MM: はい,oauthdは "サーバテクノロジ用のGPLライセンス"であるAffero GPLライセンスで提供されるオープンソースで,例えばMongoDBなどと同じです。 http://blog.mongodb.org/post/103832439/the-agpl

このライセンスはとても新しいものなので,なぜAGPLではcopyleftがプロジェクト全体にではなく,oauthdの変更に対してのみ有効であるか,理由を説明する必要がありそうですね。

oauthdはデーモンとして動作する独立したアプリケーションです。インストール後にoauthdを修正した場合は,同じオープンソースライセンスでコミュニティに再配布しなければなりません。しかし他の古いGPLライセンスのように,プロジェクト全体のコードを配布する必要はなくなっています。

つまり,

- すべてのオープンソースプロジェクトは,oauthdをアプリやプロジェクトで使用することができます。
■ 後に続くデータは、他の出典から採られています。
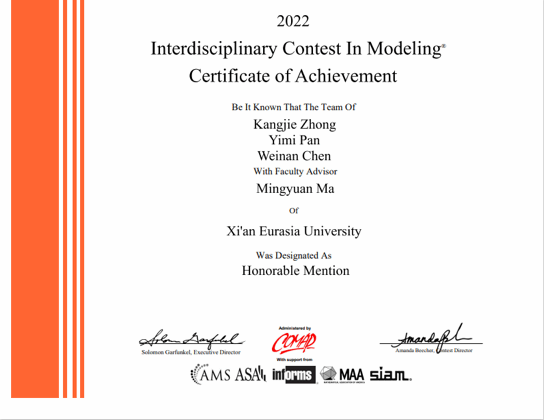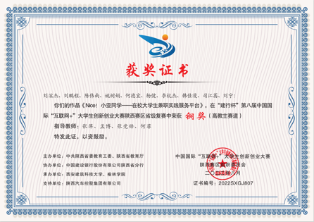 功夫不负有心人,陈伟南在专业上付出的努力都得到了可喜的收获。他所参与的项目先后获得了第八届中国国际“互联网+”大学生创新创业大赛陕西赛区高教主赛道铜奖、2022年“挑战杯”陕西省大学生创业计划竞赛铜奖等多个荣誉,并在2022年美国大学生数学建模竞赛中夺得了二等奖(Honorable Mention)。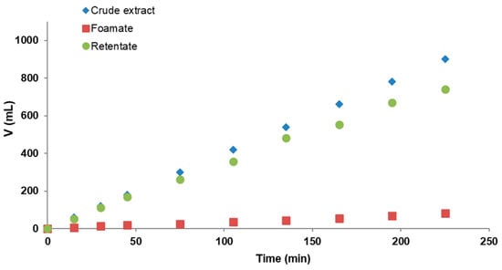 In the following processes there were two kinds of products: foamate collected periodically in the form of foam condensate and retentate. Therefore, the total volume of them should be equal to the volume of crude extract supplied to the column. In reality, due to the losses of solution in the column, this was not possible to achieve. However, the observed losses were rather low and constant, so that the proportions of the quantities of the products obtained in relation to the crude extract remained stable. The residence time was 25 min for the flow rates of extract and retentate of 4 mL/min and was extended to 50 min for flow rates of 2 mL/min. In the following graph (Figure 4) the three discussed streams of crude extract, foamate, and retentate for experiment no. 6 (air flow rate of 4.8 L/h and pump flow rates of 4 mL/min) are presented.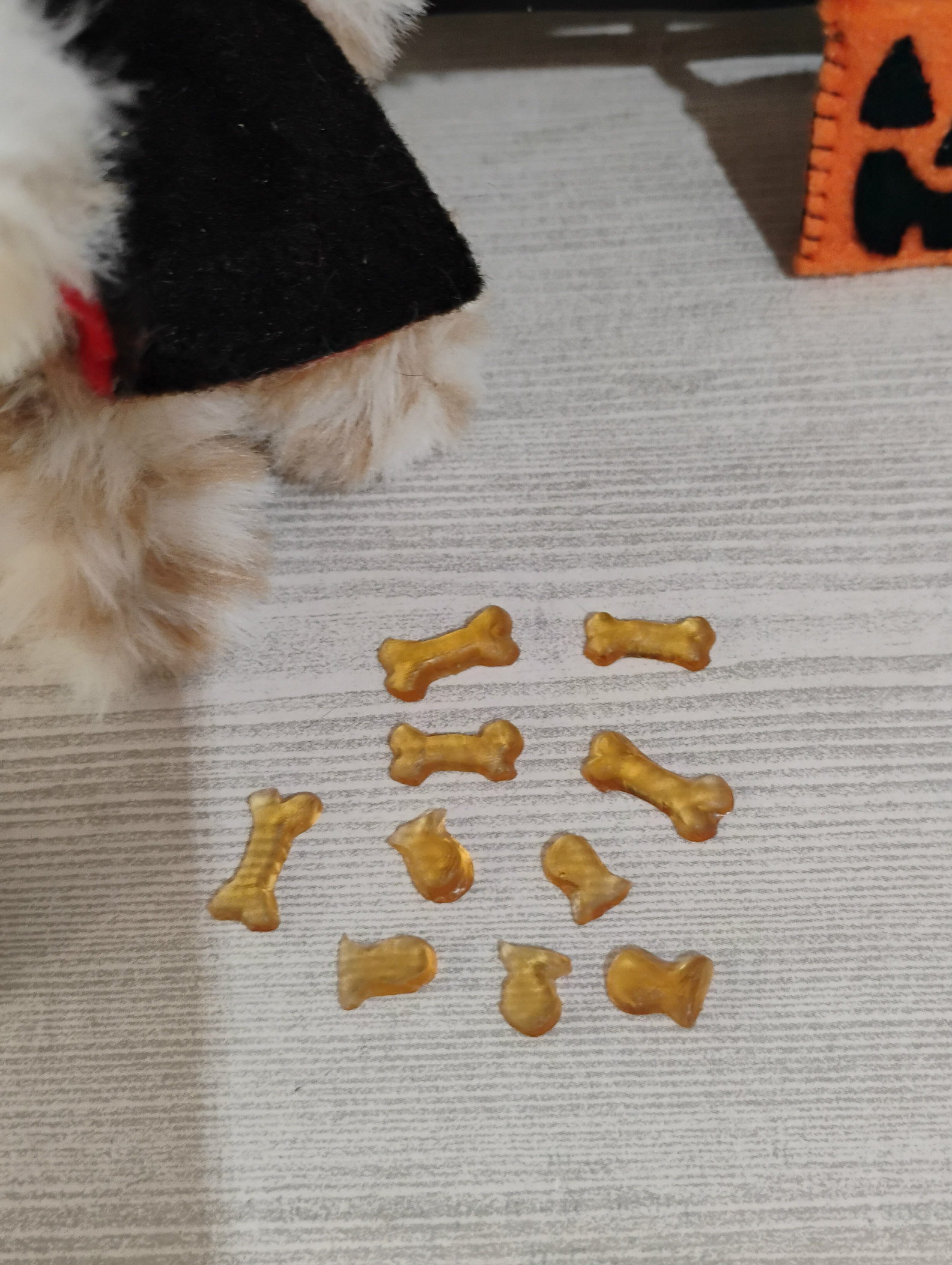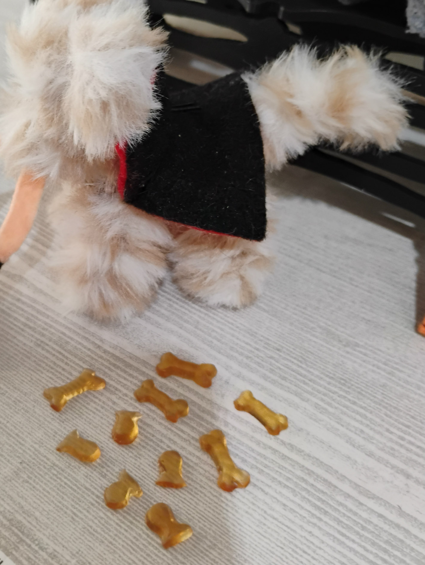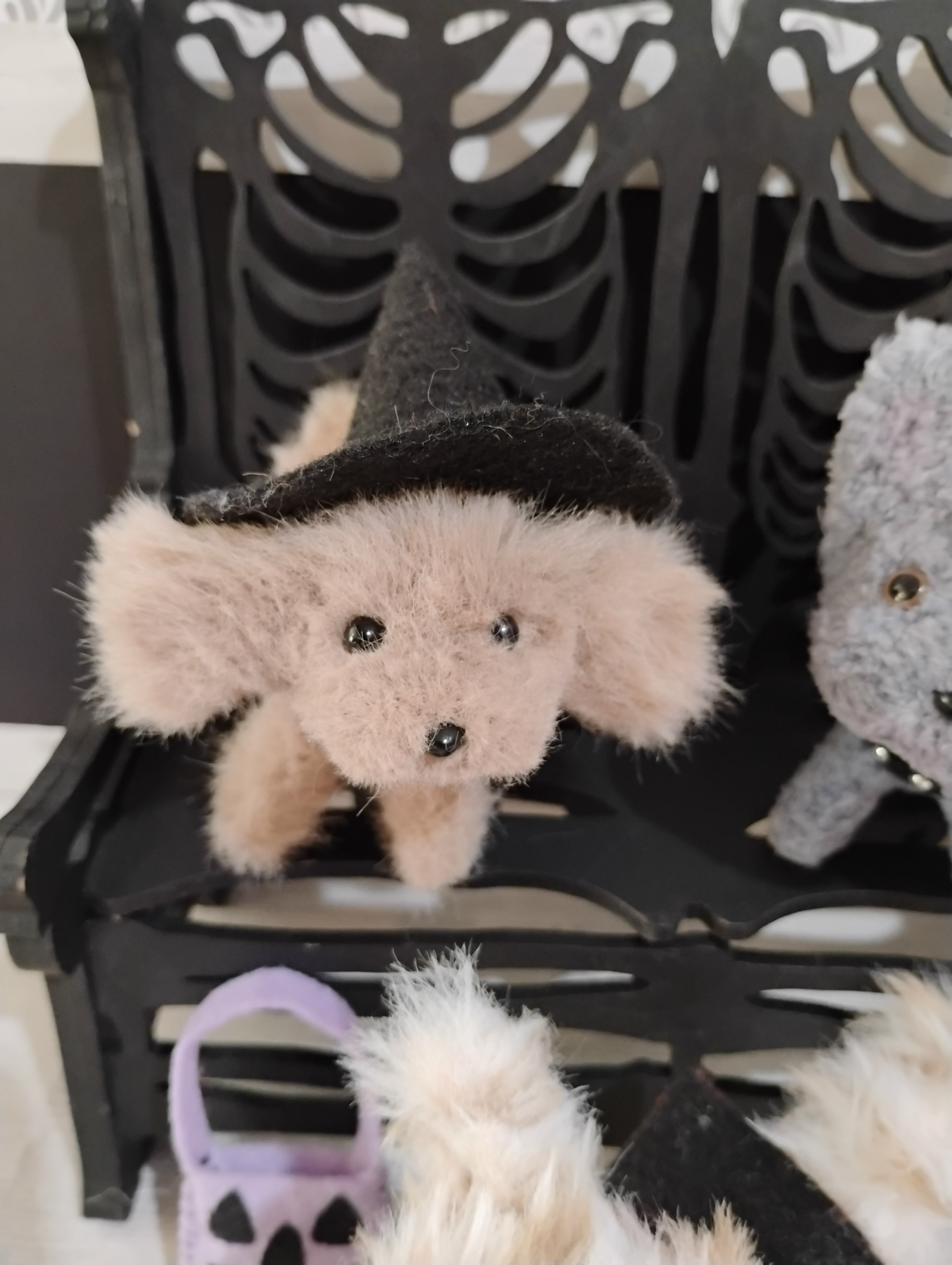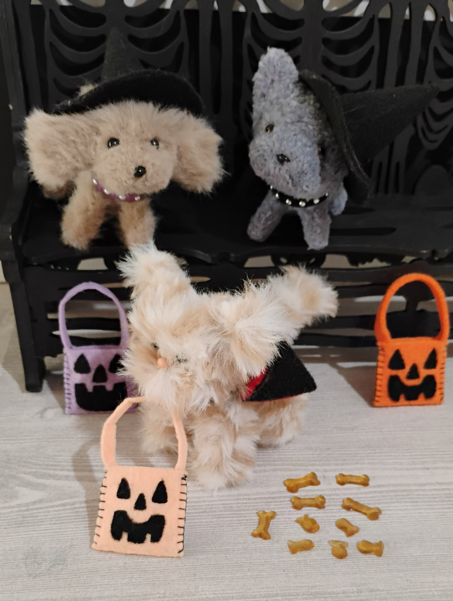 witch hat or vampire cape add-on for posable wire pets. Comes with optional orange, light purple, or light orange treat bag for collecting biscuits!
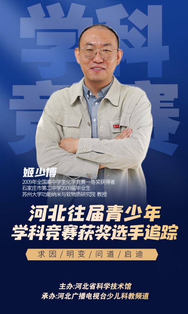 姬少博,2009年全国高中生化学奥林匹克竞赛一等奖,清华大学化学系博士,南洋理工大学博士后,现为苏州大学功能纳米与软物质研究院教授。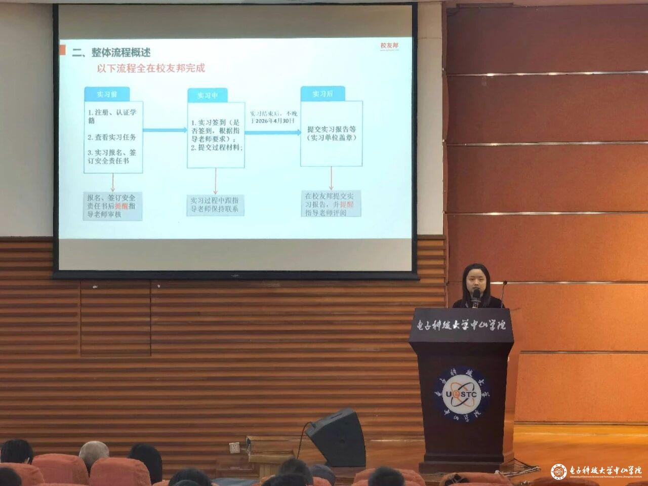 接着,教学秘书徐梦雪老师则为大家详细讲解关于生产实习的课程要求,指导大家规范化填写相关资料,帮助学生熟练掌握实习平台使用方法,确保实习全流程管理的规范性。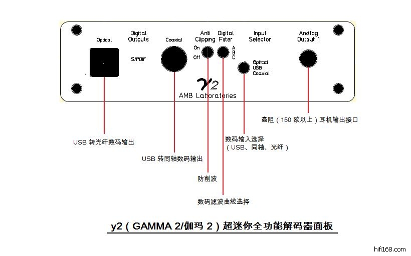 y2 是等如加建版的全功能 y1,y1 原有功能全在,另增加由 AD1896、WM8741 及 AD8656构成的加建部份组成 24/96 升频、USB 转同轴/光纤数码输出、低阻耳机输出及 RCA 输出。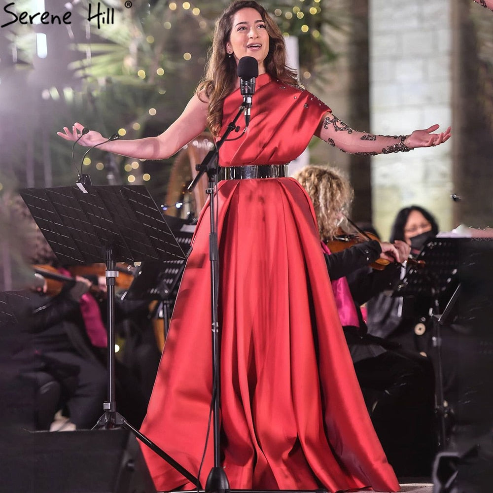 Red Beaded Satin A-Line Sexy Evening Dresses Gowns 2025 One Shoulder For Woman Party LA71136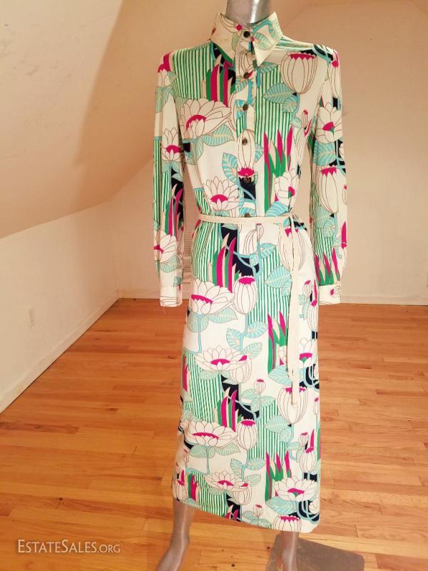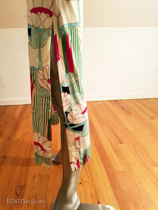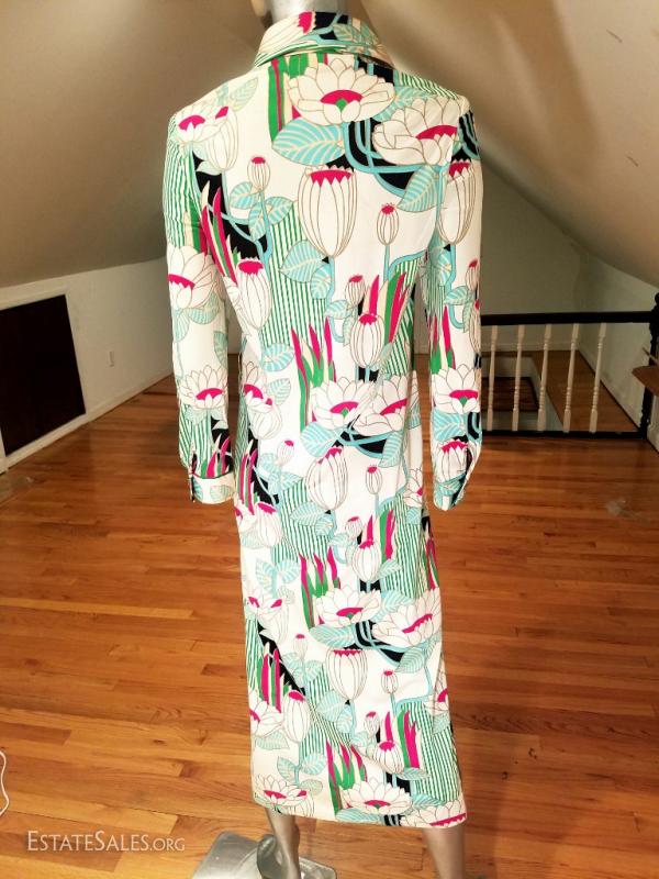 An original and rare beauty by famous Wilroy Traveller New York Circa 1960's hand painted lotus flowers with gold paints Acetate Poly fluid knit. In very good vintage condition .Vtg size 14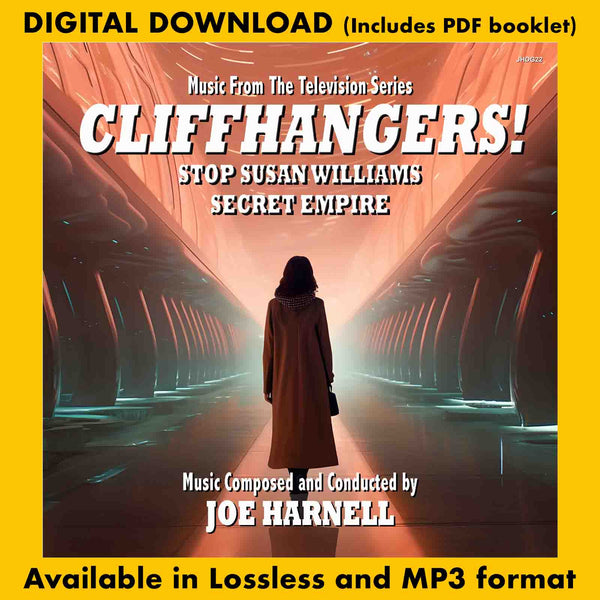 Previously, there was a two-disc set released of the music from CURSE OF DRACULA (JHCD 031), the lead feature on CLIFFHANGERS! and now fans of the other two adventures, STOP SUSAN WILLIAMS and THE SECRET EMPIRE, can enjoy more of these loving tributes to those thrilling theatrical serials of yesteryear.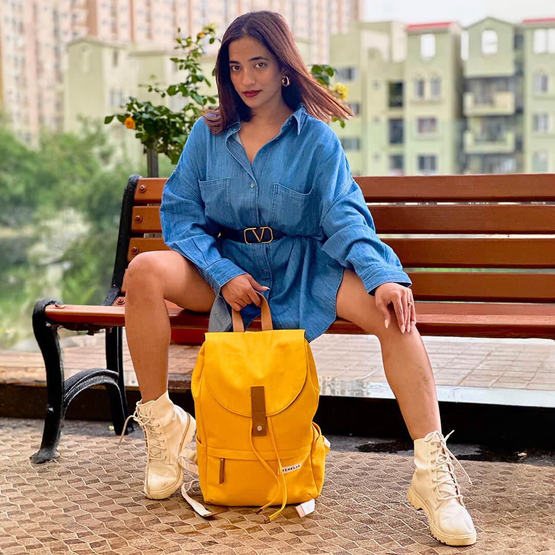 Ideal for sun-soaked escapades and made with Natural Organic Dye, the Hagen backpack in Lemon Chrome color is your ideal companion from sunlit strolls to adventurous outings.
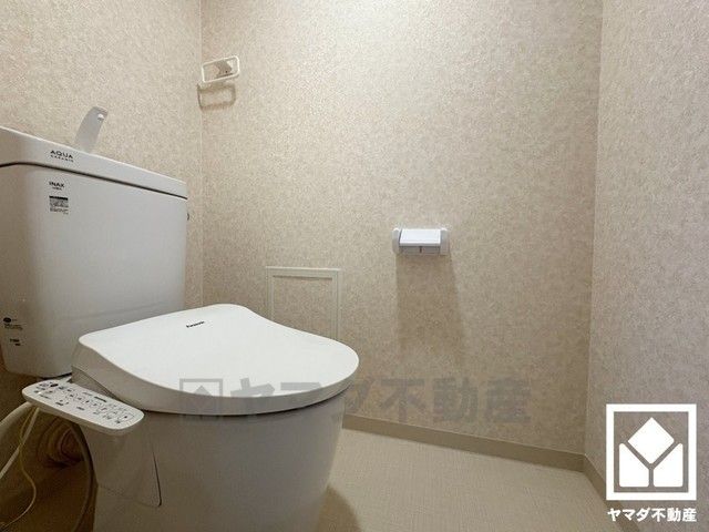 明るく清潔感溢れるトイレです。温水洗浄便座付きで、季節を問わずいつでも温かい便座をお使いいただけます。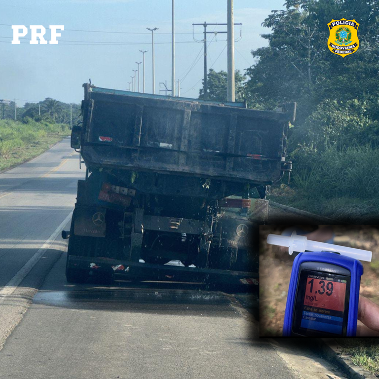Durante a abordagem de um caminhão carregado com areia, o motorista apresentou visível estado de embriaguez. O teste do etilômetro constatou alto teor alcoólico. Valores a partir de 0,3 mg/dL são considerados crime. O homem não resistiu, foi preso e apresentado à Polícia Civil de Mucajaí.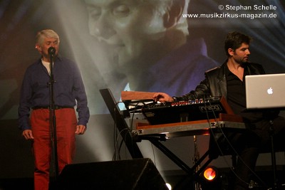 Der zweite Block begann mit leicht perlenden Synthieklängen die mit einem tiefen Bass unterlegt waren. Das wirkte zunächst sehr spacig. Langsam entwickelte sich dieser Part, bis dann erneut ein Rhythmus aufkam und sich ein berauschender Sound entwickelte. Nach einer Weile wechselte Jona dann die Sounds im Synthie, so dass er nun eine Pianolinie spielte, die sich auf einem Synthieteppich auslegte. Das war melancholisch und träumerisch zugleich. Wenige Minuten später betrat dann sein Vater Janosz zum Stück „Warm Sequencing 3“ die Bühne und sang einen eigenen Text in der Sprache der Bergleute aus dem südlichen Polen, der Heimat der Jona’s. Erinnerungen an Klaus Schulze, der in seiner Laufbahn auch oft mit Sängern und Tenören gearbeitet hatte, kamen in dieser Passage auf. Auf der CD ist dieses Stück aber ohne Gesang. Fryderyk war aber der Meinung, dass live Gesang ganz gut dazu passt, womit er Recht hat.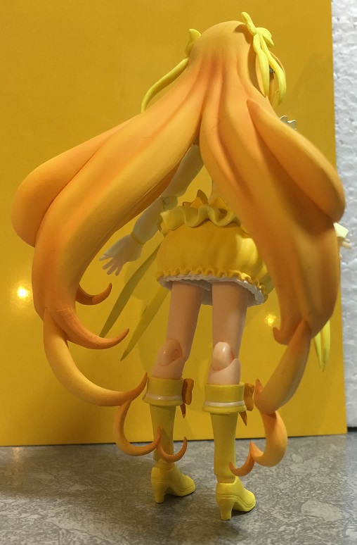 しかし今回は髪に可動軸が仕込まれていないので、ポーズを取らせる時にかなり制限されてしまいます。しかも後ろ髪が重いので、スタンドパーツ等を使わなければ、後ろに倒れそうになります。おまけに後ろ髪は細い部分が多いので、そこに引っかけて破損させないように注意しましょう。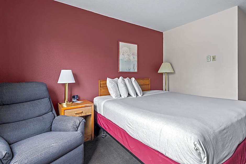 King rooms are furnished with a King size bed, air conditioning, flat-screen TV, cable TV, alarm clock/radio, coffee maker, microwave, refrigerator, recliner and charging ports for mobile devices.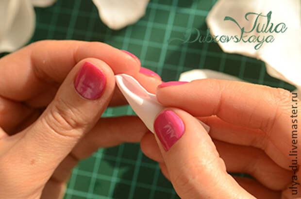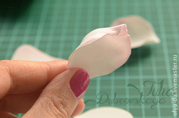 Далее, подкручиваем краешек наружу, также тщательно перетирая его между пальцами. Это нужно, чтобы край был тонким и реалистичным
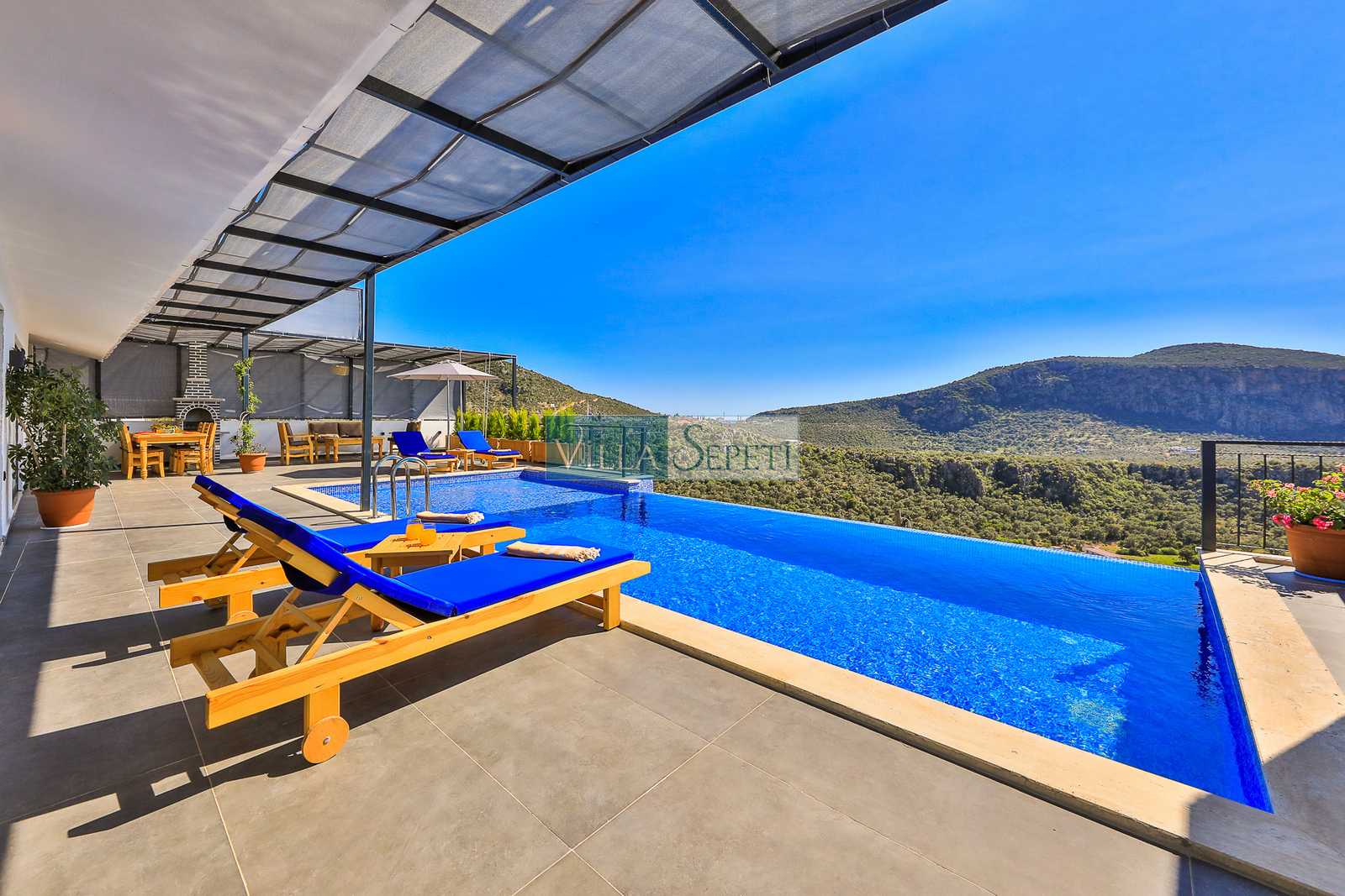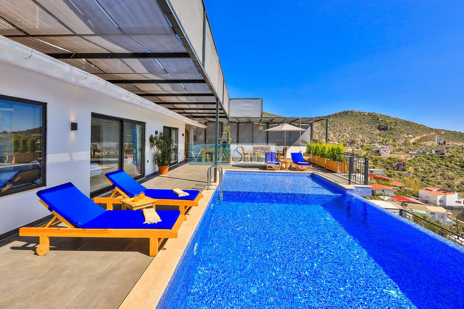 Villa Strabon, Kalkan Ulugöl mevkiinde konumlanan, özel havuzu tam korunaklı villa seçeneğimizdir. İki yatak odalı olup, 4 kişilik kapasiteye sahiptir. Misafirlerimizin rahat edebilmesi için mobilyaları özenle, konforlu bir şekilde seçilmiştir. Doğa manzarasında sahip villamızın havuzunun tam korunaklı olması sayesinde ise muhafazakar ailelere oldukça uygundur.

- oauthdを独立したサーバとして使用するクローズドソースプロジェクトは,(プロジェクト全体ではなく)oauthdの変更部分だけをコミュニティに再配布する必要があります。

oauthdの変更部分やリンクされるコードを,非公開で自分たちのサーバに組み入れたいと考える企業に対しては,コマーシャルライセンスが提供されています。ライセンスの価格は,必要なサポートサービスの深さによって異なります。

AGPLについて今一度,説明しておきましょう:

私たちがAGPLを採用した理由は,oauthdでcopyleftのコンセプトを維持するためです。従来のGPLでは,cophyleftはソフトウェアの配布に関連したコンセプトでした。しかし今日,ソフトウェアを配布することは少なくなりました - クラウド上で動作が完了するようになったのです。AGPLでは,ネットワーク上でソフトウェアを利用する場合にもcopyleftが有効であると宣言しています。それによってGPLの"穴埋め"をしているのです。それ以外に関しては,GPL v3と実質的に同じライセンスです。

InfoQ: ロードマップはどうなっていますか。JavaScript以外の言語をサポートする計画はあるのでしょうか?

MM: ええ,もちろん。 次のステップとしてはモバイルを考えています。iOSやAndroid,BlackBerry用のSDKなどを使用します。他の言語よりもモバイルを優先してほしい,というEメールをたくさん受け取っています。これらすべてのSDKを9月初旬にローンチできればと思います。

それから他のPythonやRuby, PHP, .NET, Java SDKなども,今年末までに開発したいですね。